» **EXERCISE DETAILS**: Take the lines below from the one with "Q EvonOriginal price" through the one with "Macron krijgt slag" and print only them, exactly. Don't print the pictures.

DATA SEGMENT section start

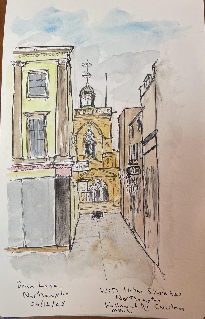 This time, I opted for something a little calmer and gatecrashed Urban Sketchers Northampton – a group that comes together to sketch and paint aspects of the county – always on location.
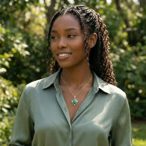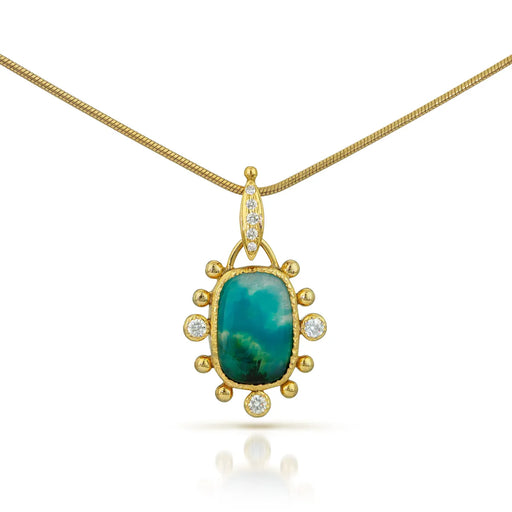 Q EvonOriginal price $3,400 - Original price $3,400Original price$3,400$3,400 - $3,400Current price $3,400| /14k Gold Gem Silica and Diamond Pendant Necklace by Q Evon One-of-a-kind Rare Ray Mine Gem Silica 15 x 10mm cabochon (4.2 tcw) Handcrafted in 14k...
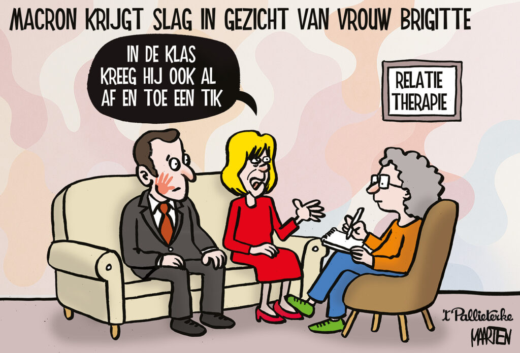 Macron krijgt slag in gezicht van vrouw Brigitte
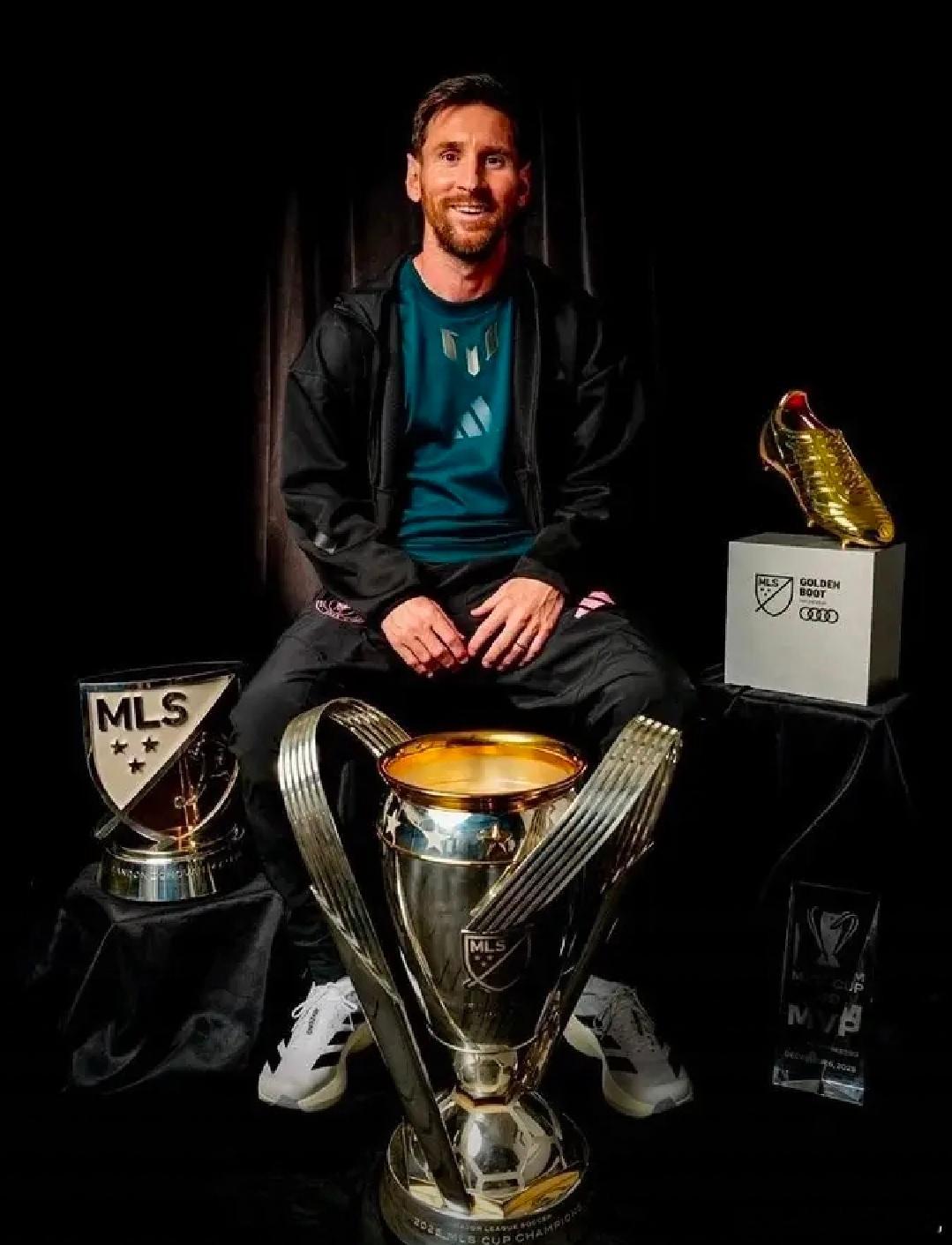 梅西晒三冠合影,照片疯传网络近日,一张梅西展示本赛季三大荣誉的照片在社交平台上迅速走红,再次引发全球球迷热议。这张于12月11日发布的照片中,梅西面带笑容,手捧三项重量级奖杯——2025赛季美国职业足球大联盟(MLS)金靴奖、MLS年度最佳球员(MVP)奖杯,以及象征联赛最高荣誉的MLS总冠军奖杯。这一“三冠同框”的画面不仅彰显了他无与伦比的个人实力,也见证了他在北美赛场的辉煌成就。照片一经发布便迅速刷屏,无数球迷纷纷留言致敬这位被广泛誉为“足球史上最伟大球员”(GOAT)的传奇。有网友激动地写道:“真正的GOAT就在这里!”另一位球迷感慨道:“加入一支垫底的球队,却带领他们首夺冠军——能做到这一点的,只有梅西。”还有人直言:“迈阿密国际的历史,是梅西一手书写的。”就在照片发布前一天(12月10日),MLS官方正式宣布梅西荣膺2025赛季联盟最有价值球员(MVP)。凭借这一奖项,梅西成为MLS历史上首位连续两个赛季蝉联MVP的球员。回顾整个2025赛季,梅西在28场联赛中狂轰29球、送出19次助攻,以近乎完美的表现带领迈阿密国际队历史性地首夺MLS总冠军。他也毫无悬念地将金靴奖收入囊中。如今,同时集齐MLS金靴、MVP和总冠军这三大顶级荣誉,不仅是对梅西个人能力的极致肯定,更标志着迈阿密国际这支年轻球队迎来了属于自己的高光时刻——2025年的MLS冠军,正是他们队史上的首个国内顶级赛事桂冠。梅西用实力证明:无论身在何处,他都能创造历史。

DATA SEGMENT section end

» **ANSWER BOX**:
 Q EvonOriginal price $3,400 - Original price $3,400Original price$3,400$3,400 - $3,400Current price $3,400| /14k Gold Gem Silica and Diamond Pendant Necklace by Q Evon One-of-a-kind Rare Ray Mine Gem Silica 15 x 10mm cabochon (4.2 tcw) Handcrafted in 14k...
 Macron krijgt slag in gezicht van vrouw Brigitte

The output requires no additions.